The lyophilized antibodies or pharmaceutical compositions described
herein should be stored at between 2.degree. C. and 8.degree. C.,
in its original container and the antibodies, or pharmaceutical
compositions described herein should be administered within 1 week,
for example within 5 days, within 72 hours, within 48 hours, within
24 hours, within 12 hours, within 6 hours, within 5 hours, within 3
hours, or within 1 hour after being reconstituted. In an
alternative embodiment, one or more of the antibodies or
pharmaceutical compositions described herein is supplied in liquid
form in a hermetically sealed container indicating the quantity and
concentration of the antibody. In a further embodiment, the liquid
form of the administered composition is supplied in a hermetically
sealed container at least 0.25 mg/ml, for example at least 0.5
mg/ml, at least 1 mg/ml, at least 2.5 mg/ml, at least 5 mg/ml, at
least 8 mg/ml, at least 10 mg/ml, at least 15 mg/ml, at least 25
mg/ml, at least 50 mg/ml, at least 75 mg/ml or at least 100 mg/ml.
The liquid form should be stored at between 2.degree. C. and
8.degree. C. in its original container.
[0108] The antibodies described herein can be incorporated into a
pharmaceutical composition suitable for parenteral administration.
In one aspect, antibodies will be prepared as an injectable
solution containing 0.1-500 mg/ml antibody. The injectable solution
can be composed of either a liquid or lyophilized dosage form in a
flint or amber vial, ampule or pre-filled syringe. The buffer can
be L-histidine (1-50 mM), optimally 5-10 mM, at pH 5.0 to 7.0
(optimally pH 6.0). Other suitable buffers include but are not
limited to, sodium succinate, sodium citrate, sodium phosphate or
potassium phosphate. Sodium chloride can be used to modify the
tonicity of the solution at a concentration of 0-300 mM (optimally
150 mM for a liquid dosage form). Cryoprotectants can be included
for a lyophilized dosage form, principally 0-10% sucrose (optimally
0.5-1.0%). Other suitable cryoprotectants include trehalose and
lactose. Bulking agents can be included for a lyophilized dosage
form, principally 1-10% mannitol (optimally 2-4%). Stabilizers can
be used in both liquid and lyophilized dosage forms, principally
1-50 mM L-Methionine (optimally 5-10 mM). Other suitable bulking
agents include glycine, arginine, can be included as 0-0.05%
polysorbate-80 (optimally 0.005-0.01%). Additional surfactants
include but are not limited to polysorbate 20 and BRIJ surfactants.

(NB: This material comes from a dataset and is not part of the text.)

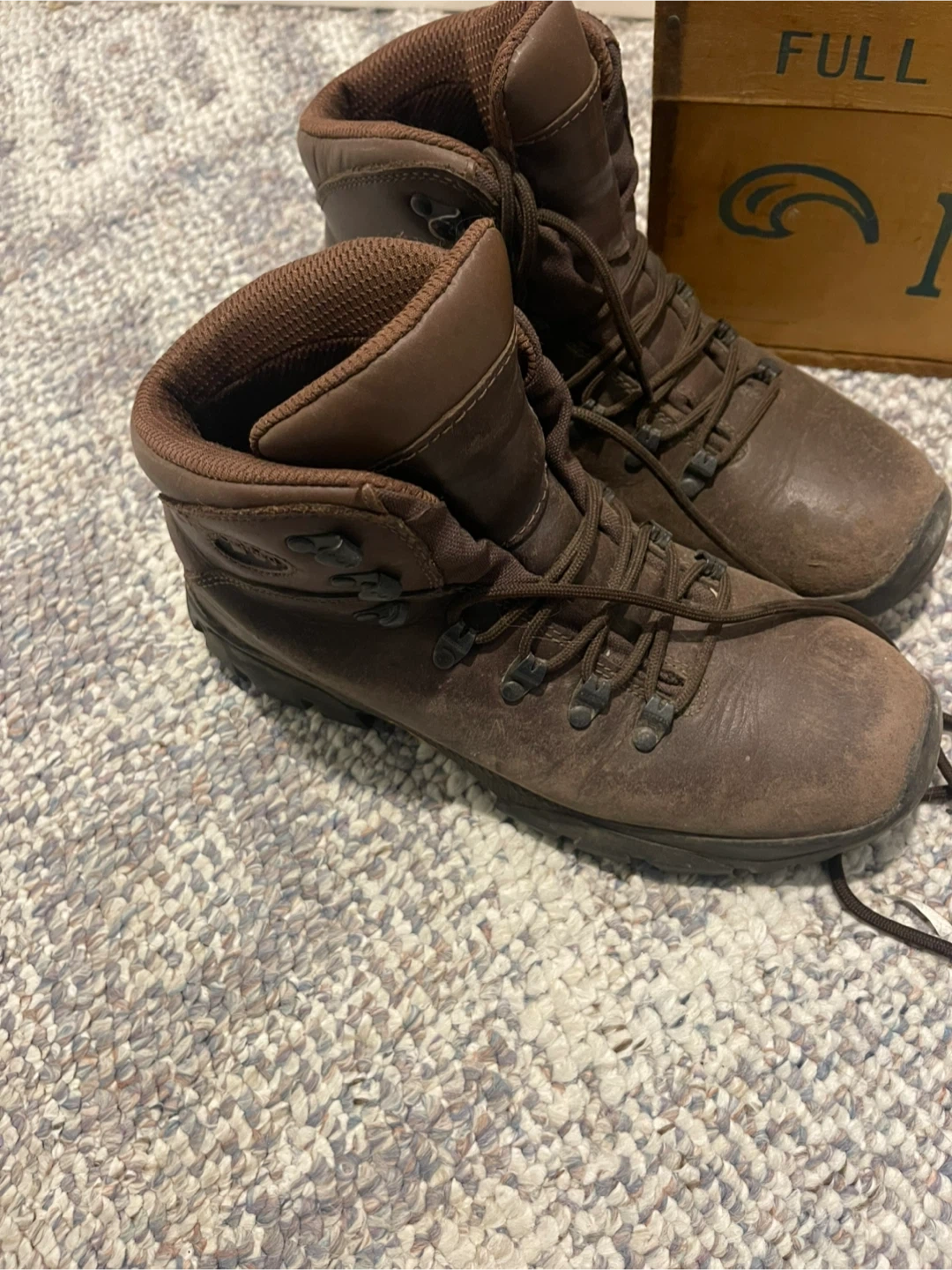 Selling a pair of Merrell hiking boots! They are brown leather and are in good condition. The soles are Vibram. No rips in leather or interior. I have walked through streams with these boots and never got a soaker.
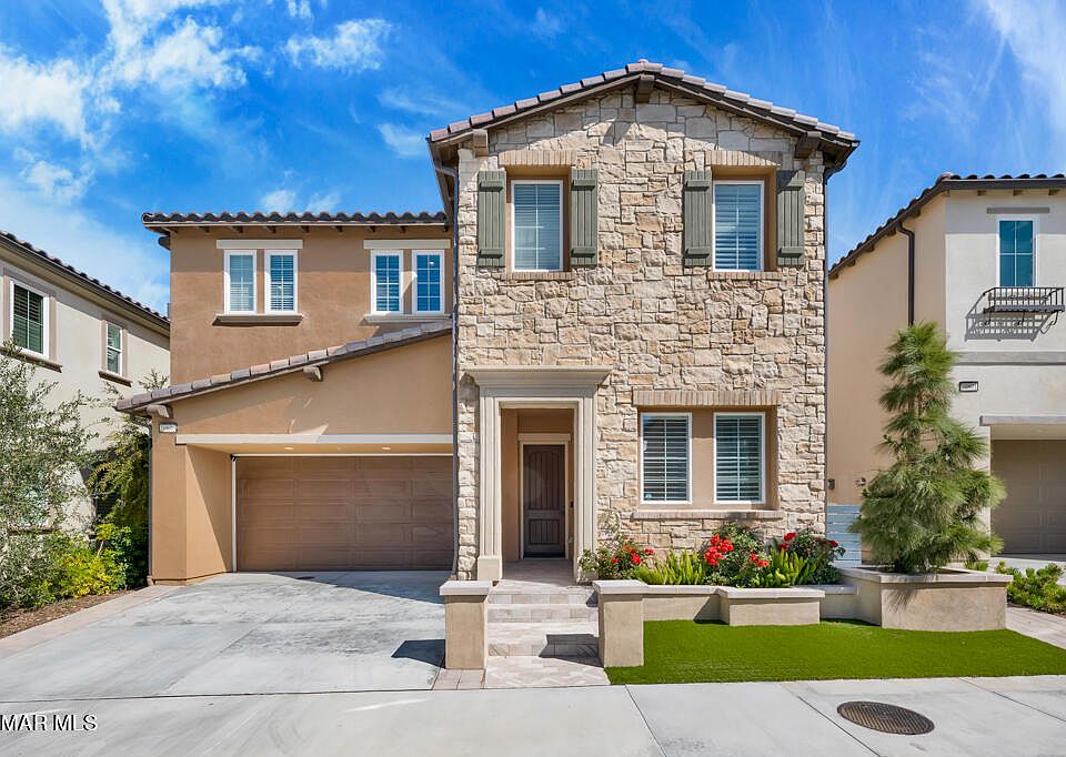 Stunning *Newly Built in 2019* 5 bed/4 bath, Montage Tuscan home situated inside of the coveted guard-gated community, Peak at the Canyons at Porter Ranch. This gorgeous ~2,700 sq ft home offers a spacious layout, convenient shopping, security, award-winning Blue Ribbon PRCS K-8 school, community clubhouse and largest recreation/pool area of all the Toll Brothers communities - complete with Cabanas, large screen TVs, outdoor BBQs/cooking area, Splash Pad - *The ultimate in resort-style living*. As you enter the front door, you are greeted by abundance of open space and natural light: 20' Foyer, Large bay windows with custom-trim, 10' ceilings and automated shades **expansive sliding glass wall/door leads to covered patio and cozy grassy backyard with Malibu lights and beautiful roses complete with outdoor kitchen that includes a built in BBQ w/rotisserie, stove, sink & storage** Open kitchen layout with grand island, stainless steel appliance, and tons of cabinets for storage; Surrounded by family room, dining room and living room with crown moulding; The gourmet kitchen has a *built-in smart Sub-Zero refrigerator* and is well suited for entertaining families and friends - upgraded tile flooring throughout the ground floor; One bedroom w/ walk-in closet and full bath are perfectly placed for office/study or visiting family/friends. Upstairs hosts 4 bedrooms - central loft/sitting area, and laundry room with Samsung washer and smart dryer, with upgraded carpet, recessed LED lighting and shutters/custom window treatments throughout the entire 2nd floor. Smart Ecobee Thermostat, installed security system (pay for service) & smart oven. Impressive primary suite with coffered ceiling, crown moulding & has an amazing upgraded en-suite bathroom with dual-vanities, separated with a stylish barn door. One upstairs bedroom includes a private ensuite bathroom. Home includes completely purchased Solar installation. Two-car garage has installed over-head storage. This home is move-in ready. Close proximity to 2 shopping plazas down the hill - Porter Ranch Town Center and The Vineyards at Porter Ranch, which are homes to many well-known shops and fine dining restaurants like Whole Foods, Walmart, Best Buy, AMC Theaters, Guss BBQ, Lure Fish House, In-N-Out Burgers, and Starbucks. HURRY! This marvelous home in the highly desirable Porter Ranch neighborhood won't last long!!

The pharmaceutical composition comprising the antibodies described
herein prepared as an injectable solution for parenteral
administration, can further comprise an agent useful as an
adjuvant, such as those used to increase the absorption, or
dispersion of the antibody. A particularly useful adjuvant is
hyaluronidase, such as Hylenex.RTM. (recombinant human
hyaluronidase). Addition of hyaluronidase in the injectable
solution improves human bioavailability following parenteral
administration, particularly subcutaneous administration. It also
allows for greater injection site volumes (i.e. greater than 1 ml)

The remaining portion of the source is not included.